In conclusion, according to the primary and validation MR analyses, T2D does not have a causal impact on AD. Currently, the definition of AD has gradually transitioned from being based solely on clinical symptoms to a biologically defined diagnostic framework (9). Reliance on a set of clinical symptoms or a single biomarker is insufficient for an AD diagnosis (9, 10). The etiological mechanisms of vascular dementia differ from those of AD, yet it has a high prevalence and comorbidity rate with AD in the elderly (11). This poses a challenge for early dementia-related studies to accurately screen and analyze pure AD patients, potentially contributing to the inconsistent findings observed in current research on the relationship between T2D and AD, encompassing both observational and MR studies. Our two-sample MR analysis utilized the largest available T2D and AD GWAS datasets and found no significant causal relationship between the two phenotypes. This is a robust finding, which is consistent with the current neuropathological perspective, pointing at a lack of association between diabetes and AD-related neuropathology (12).
Observational studies to date have consistently demonstrated a relationship between T2D and an increased risk of dementia. However, the associations are notably stronger for vascular dementia when compared to AD (13). As MR-based evaluation of associations is more accurate than observational studies, as they are less influenced by socioeconomic (14) and environmental factors (15, 16), we believe that future studies of T2D/dementia intersect should concentrate on exploring the impact of T2D on vascular dementia. These findings suggest that treatment strategies for T2D may only be effective in preventing non-AD-related dementia or cognitive impairment. This further underscores the importance of assessing dementia etiology and AD pathology in elderly patients with multiple comorbidities before devising individual cognitive care or treatment plans.

 

Ethics approval and consent to participate: All data sources used in this MR study received approval from an ethics standards committee on human experimentation and obtained informed consent from all participants.

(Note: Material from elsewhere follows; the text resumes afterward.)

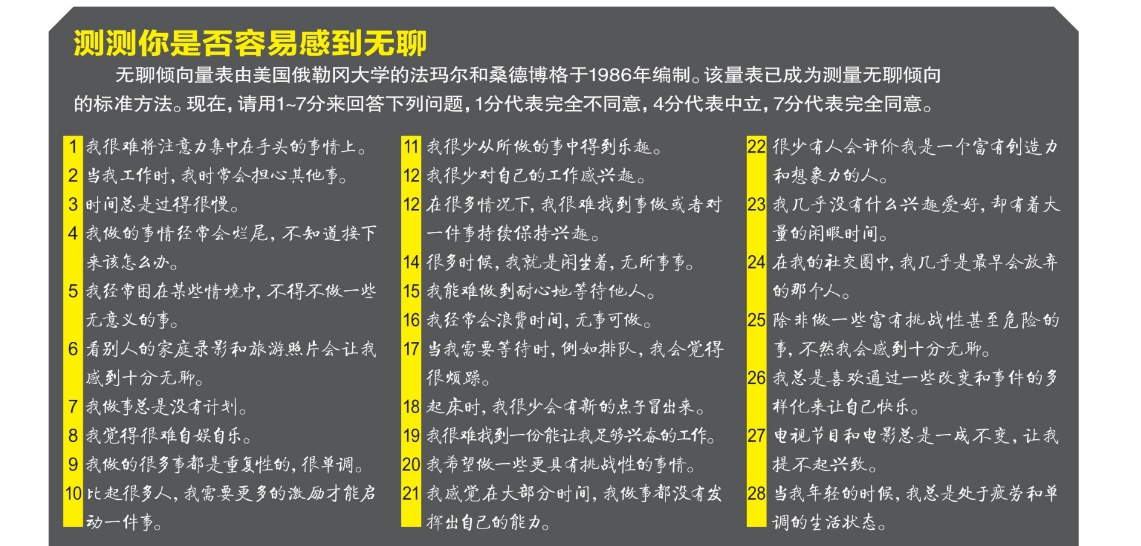 有人说,只有无趣的人才会感到无聊。这种说法当然是不公平的,但的确有些人比其他人更容易感到无聊。测试一个人是否容易感到无聊的标准方式是填写无聊倾向量表(BPS)。该量表最早于1986年由美国俄勒冈大学的法玛尔和桑德博格提出。

Consent for publication: Not applicable.

Availability of data and materials: All GWAS summary datasets used in this study are publicly available for download by qualified researchers (https://gwas.mrcieu.ac.uk/ & https://r9.finngen.fi/).

Competing interests: The authors declare no conflicts of interest.

Funding: This work was supported by the Jiangsu Funding Program for Excellent Postdoctoral Talent (2023ZB184) and the China Postdoctoral Science Foundation (2023M741648).

Authors’ contributions: Dongming Liu: Writing and creating graphical representations. Ancha Baranova: Writing and manuscript refinement. Fuquan Zhang: Data collection, research design, and data analysis.

Acknowledgments: We thank all participants and investigators who contributed to the datasets analyzed.